See the step by step solution

## Step 1: Find the companion matrix

Consider the polynomial $$p\left( t \right) = {a_0} + {a_1}t + ... + {a_{n - 1}}{t^{n - 1}} + {t^n}$$.

The companion matrix of $$p$$ is {C_p} = \left( {\begin{aligned}{*{20}{c}}0&1&0&{...}&0\\0&0&1&{}&0\\:&{}&{}&{}&:\\0&0&0&{}&1\\{ - {a_0}}&{ - {a_1}}&{ - {a_2}}&{...}&{ - {a_{n - 1}}}\end{aligned}} \right).

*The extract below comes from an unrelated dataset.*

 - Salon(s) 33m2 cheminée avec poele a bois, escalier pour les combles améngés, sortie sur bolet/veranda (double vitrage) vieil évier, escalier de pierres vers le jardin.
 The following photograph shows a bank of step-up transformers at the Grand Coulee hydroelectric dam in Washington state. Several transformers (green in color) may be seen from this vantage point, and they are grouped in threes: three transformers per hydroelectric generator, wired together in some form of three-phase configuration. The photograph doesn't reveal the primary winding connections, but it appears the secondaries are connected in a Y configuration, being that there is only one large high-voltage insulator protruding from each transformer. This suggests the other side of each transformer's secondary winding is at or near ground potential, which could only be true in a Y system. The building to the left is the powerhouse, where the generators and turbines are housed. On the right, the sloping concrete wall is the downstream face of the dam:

Apply mathematical induction to prove as shown below:

\begin{aligned}{c}\det \left( {{C_p} - \lambda I} \right) &= {\left( { - 1} \right)^n}\left( {{a_0} + {a_1}\lambda + ... + {a_{n - 1}}{\lambda ^{n - 1}} + {\lambda ^n}} \right)\\ &= {\left( { - 1} \right)^n}p\left( \lambda \right)\end{aligned}

## Step 2: Apply mathematical induction to find whether it is true for $$n{\bf{ = 2}}$$

For $$n = 2$$ the matrix is shown below:

{C_p} = \left( {\begin{aligned}{*{20}{c}}0&1\\{ - {a_0}}&{ - {a_1}}\end{aligned}} \right)

Now find the determinant.

\begin{aligned}{c}\det \left( {{C_p} - \lambda I} \right) &= \left( { - \lambda } \right)\left( { - {a_1} - \lambda } \right) + {a_0}\\ &= {a_0} + {a_1}\lambda + {\lambda ^2}\\ &= {\left( { - 1} \right)^2}\left( {{a_0} + {a_1}\lambda + {\lambda ^2}} \right)\end{aligned}

Thus, the result is true for $$n = 2$$.

## Step 3: Apply mathematical induction to find whether it is true for $$n = k$$

Assume the result is true for $$n = k$$.

$$\det \left( {{C_p} - \lambda I} \right) = {\left( { - 1} \right)^k}q\left( \lambda \right)$$

Now check the result for $$n = k + 1$$.

Now find the determinant.

\begin{aligned}{c}\det \left( {{C_p} - \lambda I} \right) &= \det \left( {\begin{aligned}{*{20}{c}}{ - \lambda }&1&0&{...}&0\\0&{ - \lambda }&1&{}&0\\:&{}&{}&{}&:\\0&0&0&{}&1\\{ - {a_0}}&{ - {a_1}}&{ - {a_2}}&{...}&{ - {a_k} - \lambda }\end{aligned}} \right)\\ &= \left( { - \lambda } \right)\det + \left( {\begin{aligned}{*{20}{c}}{ - \lambda }&1&{...}&0\\:&:&:&:\\0&{...}&{...}&1\\{ - {a_1}}&{ - {a_2}}&{...}&{ - {a_k} - \lambda }\end{aligned}} \right) + 0... + {\left( { - 1} \right)^{k + 1}}{a_0}et\left( {\begin{aligned}{*{20}{c}}1&0&{...}&0\\0&1&:&:\\:&{...}&{...}&1\\0&0&{...}&1\end{aligned}} \right)\\ &= \left( { - \lambda } \right){\left( { - 1} \right)^k}q\left( \lambda \right) + {\left( { - 1} \right)^{k + 1}}{a_0}\\ &= \left( \lambda \right)\left( { - 1} \right){\left( { - 1} \right)^k}\left( {{a_1} + ... + {a_k}{\lambda ^{k - 1}} + {\lambda ^k}} \right) + {\left( { - 1} \right)^{k + 1}}{a_0}\\ &= {\left( { - 1} \right)^{k + 1}}p\left( \lambda \right)\end{aligned}

Thus, the result is true for $$n \ge 2$$.

Hence, it is proved that for $$n = k + 1$$, $$\det \left( {{C_p} - \lambda I} \right) = {\left( { - 1} \right)^{k + 1}}p\left( \lambda \right)$$.